여기서 먼저 살펴볼 것은 리턴 값입니다. EVICT_OK는 used_memory가 maxmemory 보다 줄어들었거나, 아직 eviction을 수행할 수 가 없다는 것입니다. EVICT_RUNNING은 현재 eviction 이 계속 진행중이라는 뜻입니다. Single Threaded인 Redis가 어떻게 이렇게 동작할 수 있는지는 뒤에서 설명하겠습니다. 그리고 마지막으로 EVICT_FAIL은 여전히 메모리를 maxmemory 보다 많이 사용하지만, 현재 더 eviction해서 메모리를 줄일 데이터가 없다는 뜻입니다. 이 EVICT_FAIL이 나면 Redis는 OOM 에러를 던질 수 있습니다.

코드를 살펴보면 먼저 isSafeToPerformEvictions 함수가 나옵니다. 현재 eviction을 수행할 수 있는 상태인지를 살펴봅니다. 그래서 무시해도 되는 상황이면 eviction을 진행하지 않도록 0을 리턴합니다. 1이면 eviction 을 진행합니다.

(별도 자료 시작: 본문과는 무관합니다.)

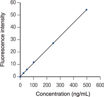 An example of the high sensitivity analysis for fluorescein is shown. The F-7100 detected fluorescence in the order of 1x10-13 mol/L (sub-picomol) compared with a blank sample (purified water); a useful calibration was obtained in the ultra-trace range.
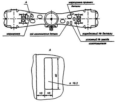 1.3 Составные части и детали тележки должны иметь знаки и клейма, установленные соответствующими чертежами и стандартами, а также коды железнодорожных администраций государств СНГ, Латвии, Литвы и Эстонии согласно альбому «Знаки и надписи на вагонах грузового парка колеи 1520 мм» № 632 ПКБ ЦВ МПС России.
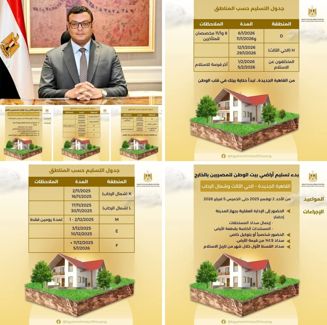 وأعلن رئيس الجهاز أنه سيتم تسليم قطع أراضي بيت الوطن بالمنطقة (H) بالحي الثالث خلال الفترة من يوم الإثنين 12/1/2026 وحتى يوم الخميس 29/1/2026، وتخصيص الأيام من 1/2/2026 : 5/2/2026، للذين تخلفوا عن الاستلام في المواعيد السابقة.
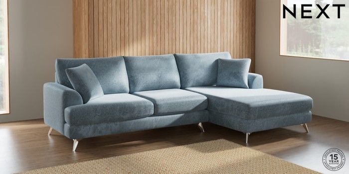 7.2.6 Buy Parker Large Sofa Chaise - Right Hand Plush Chenille Light Blue High Metal - Chrome from the Next UK online shop Click here to use our accessible website
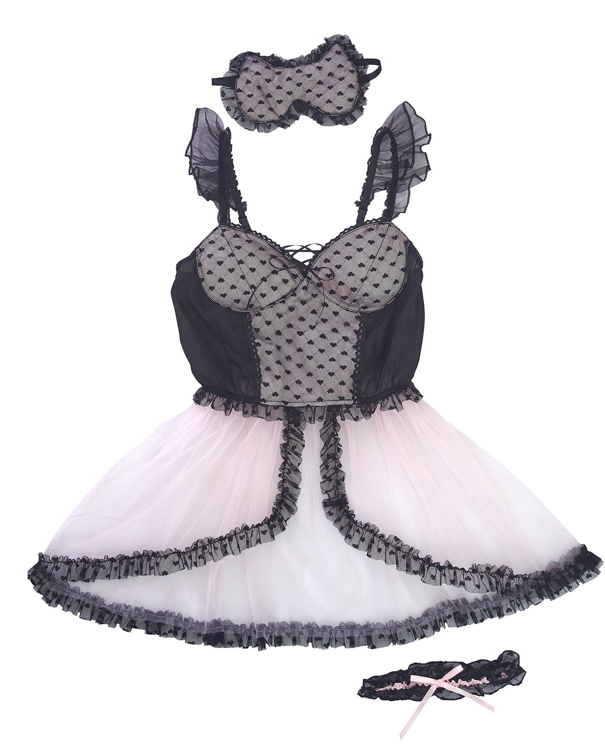 アイマスク&ベビードールの「poppy doll(ポピードール)」シリーズ。あまくてちょっぴりセクシーなベビードールに釘付け…♡ブラックのハート柄チュール生地とベビーピンクの組み合わせで女の子の大好きなカラーリング。 猫耳型のアイマスクが可愛すぎる! アイマスクをヘッドドレス風に使っても可愛い♡ 肩紐調節可能。 背中はシャーリングゴム仕様。 お手持ちのショーツを合わせて、素敵なコーディネートをお楽しみください♪ |

/* Check if it's safe to perform evictions.
 *   Returns 1 if evictions can be performed
 *   Returns 0 if eviction processing should be skipped
 */
static int isSafeToPerformEvictions(void) {
    /* - There must be no script in timeout condition.
     * - Nor we are loading data right now.  */
    if (server.lua_timedout || server.loading) return 0;

    /* By default replicas should ignore maxmemory
     * and just be masters exact copies. */
    if (server.masterhost && server.repl_slave_ignore_maxmemory) return 0;

    /* When clients are paused the dataset should be static not just from the
     * POV of clients not being able to write, but also from the POV of
     * expires and evictions of keys not being performed. */
    if (checkClientPauseTimeoutAndReturnIfPaused()) return 0;

    return 1;
}

두번째로는 getMaxmemoryState 를 호출합니다. getMaxmemoryState는 현재 사용한 메모리 정보를 zmalloc_used_memory() 함수를 통해서 가져옵니다.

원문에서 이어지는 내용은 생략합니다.